What to do: Which lines run from the line with "Yves Saint Laurent" to the end of the entries? Write out exactly those, leaving out the pictures.

· · ·

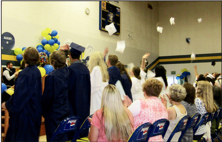
Twenty-two graduates threw their hats into the air!
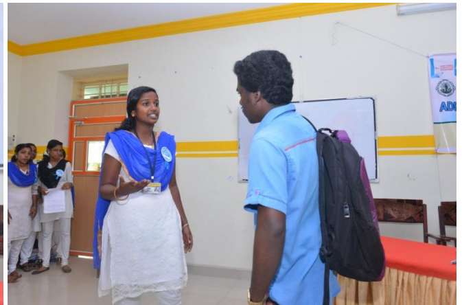
Cultural activities by Asapians.....
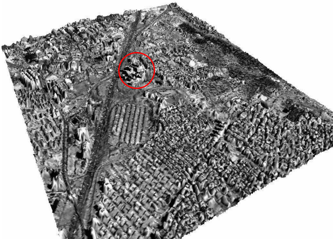
Figure 4: Part of drupe created out of along-track stereopair. Due to big image displacement of the buildings shown in figure 2, mismatches lead to errors in the DSM. From a theoretical point of view, redundant information from a third image could reduce this error
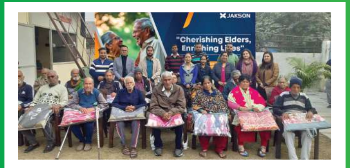
Joy of Giving Celebration at Angan Old Age Home, Noida
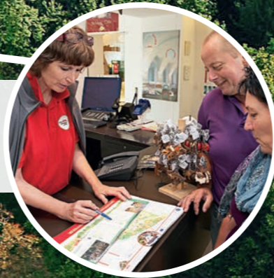
The National Park Centre is the main information and booking point for excursions and tours.
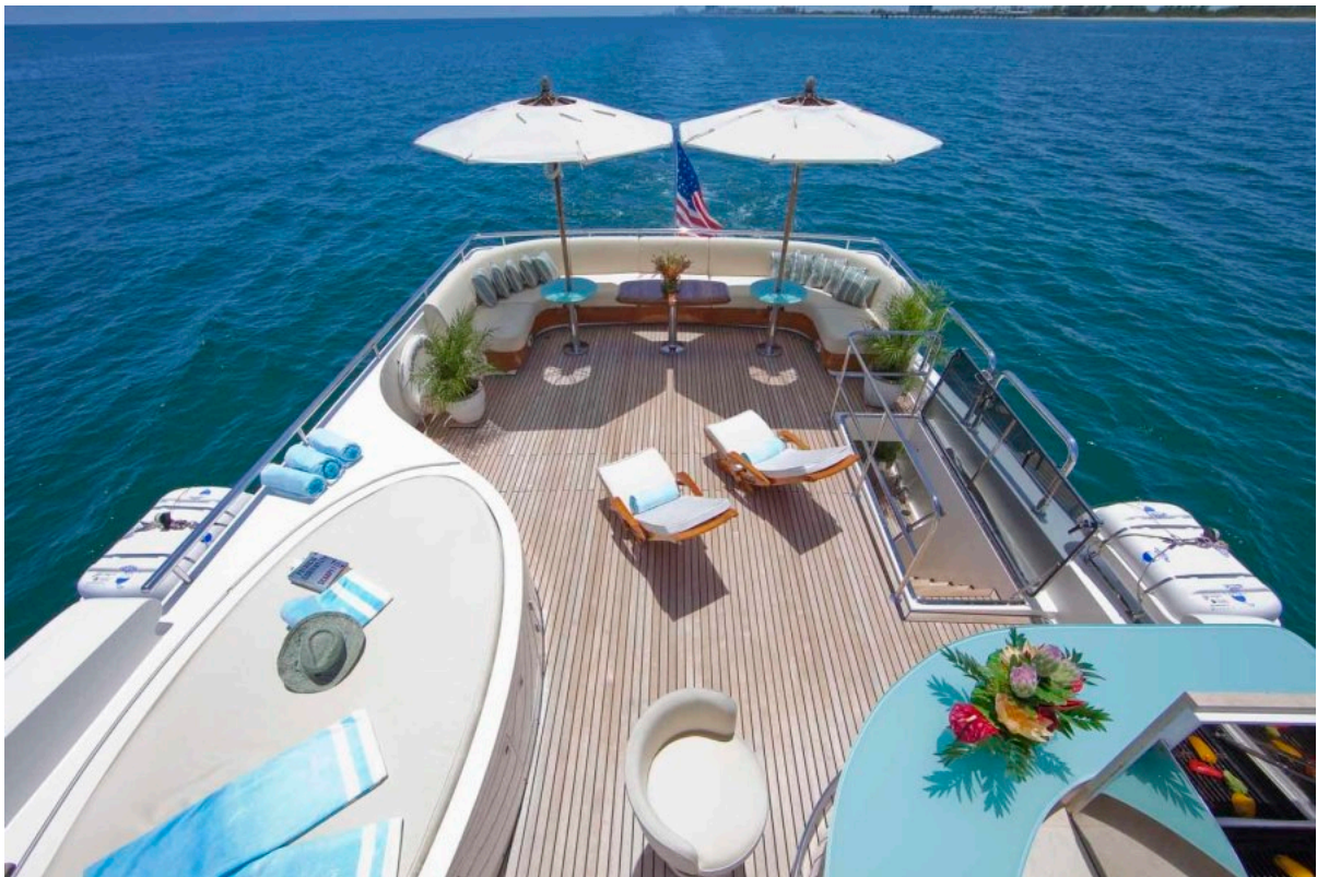
Sun Deck Aft From Above
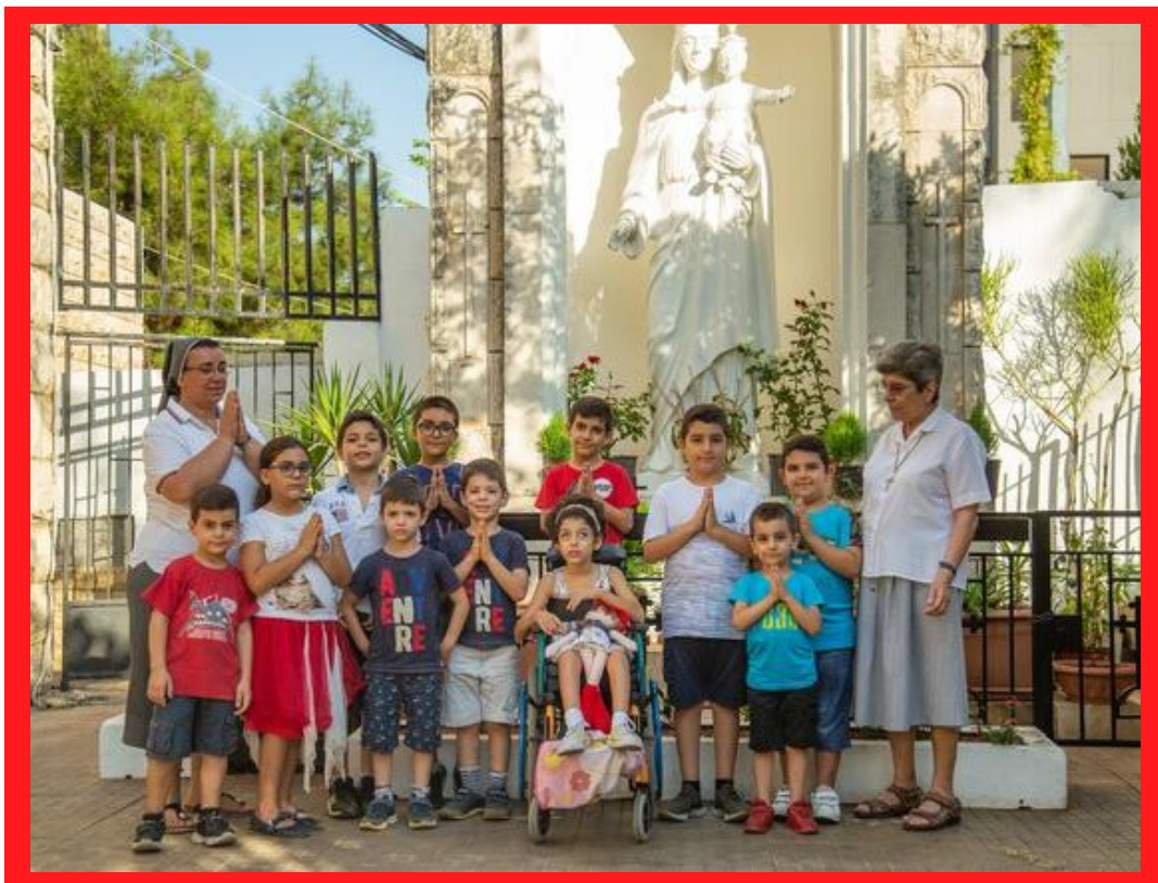
The Sisters of the congregation of Jesus & Mary are helping Christian families in Beirut and will be giving a Christmas surprise to some of these children, whose parents are struggling otherwise due to the economic collapse.

The value of their currency has plummeted drastically, meaning that simply getting hold of the necessities of day-to-day life has become incredibly expensive. This, coupled with the Covid-19 pandemic and a huge explosion which destroyed part of the city of Beirut, has made life very difficult for the people of Lebanon.
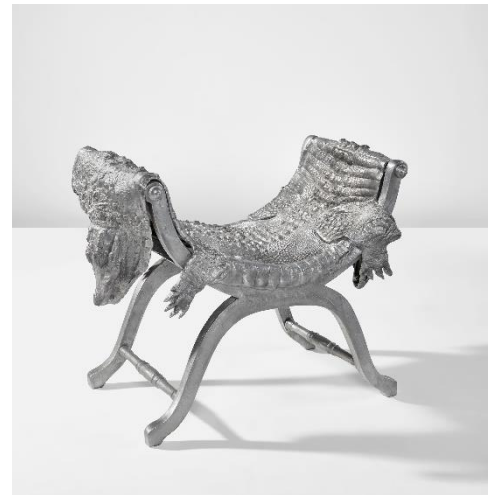
Claude Lalanne "Crococurule", designed 1992, produced 2012 Estimate $80,000 - 120,000

Yves Saint Laurent and the Agnellis to something akin to maximum exposure. The Crococurule in this sale is especially unusual in Claude's oeuvre in that it incorporates a classical chair form, rather than imitation of branches or vines, as seen in her other furniture pieces. Roman in origin, the curule was a seat of honor reserved for magistrates and emperors. By replacing the typical fur with a cast of a crocodile skin, Claude rendered an honorific chair into pure sculpture, in the grandest Surrealist tradition. The naturalistic texture of the animal form cast in metal is a surprising juxtaposition between the cold material and the organic source of inspiration. This playful and unusual merger is signature to the Lalanne's work making even the most variable work sought after by collectors internationally.
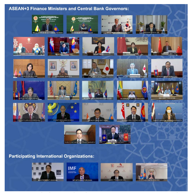
AMRO attends the virtual 24th ASEAN+3 Finance Ministers' and Central Bank Governors' meeting on May 3, 2021.

In Q2 2021, Senior Management approved AMRO's Corporate Crisis Communications Plan. In Q3 2021, AMRO organized media training for 29 employees, including Senior Management, Group Heads, and Economists, to enhance their knowledge on how best to convey the organization's messages.
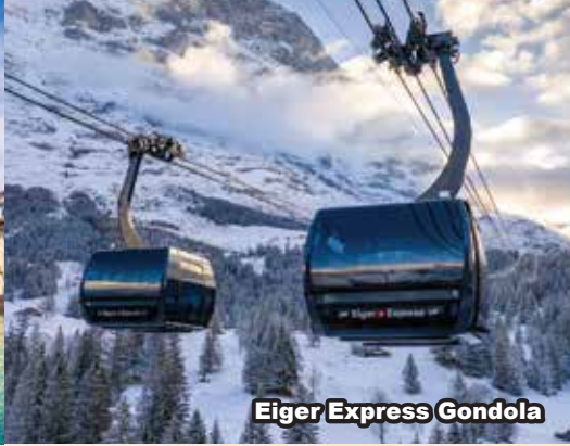
Eiger Express Gondola

· · ·

Solution:
Yves Saint Laurent and the Agnellis to something akin to maximum exposure. The Crococurule in this sale is especially unusual in Claude's oeuvre in that it incorporates a classical chair form, rather than imitation of branches or vines, as seen in her other furniture pieces. Roman in origin, the curule was a seat of honor reserved for magistrates and emperors. By replacing the typical fur with a cast of a crocodile skin, Claude rendered an honorific chair into pure sculpture, in the grandest Surrealist tradition. The naturalistic texture of the animal form cast in metal is a surprising juxtaposition between the cold material and the organic source of inspiration. This playful and unusual merger is signature to the Lalanne's work making even the most variable work sought after by collectors internationally.
AMRO attends the virtual 24th ASEAN+3 Finance Ministers' and Central Bank Governors' meeting on May 3, 2021.

In Q2 2021, Senior Management approved AMRO's Corporate Crisis Communications Plan. In Q3 2021, AMRO organized media training for 29 employees, including Senior Management, Group Heads, and Economists, to enhance their knowledge on how best to convey the organization's messages.
Eiger Express Gondola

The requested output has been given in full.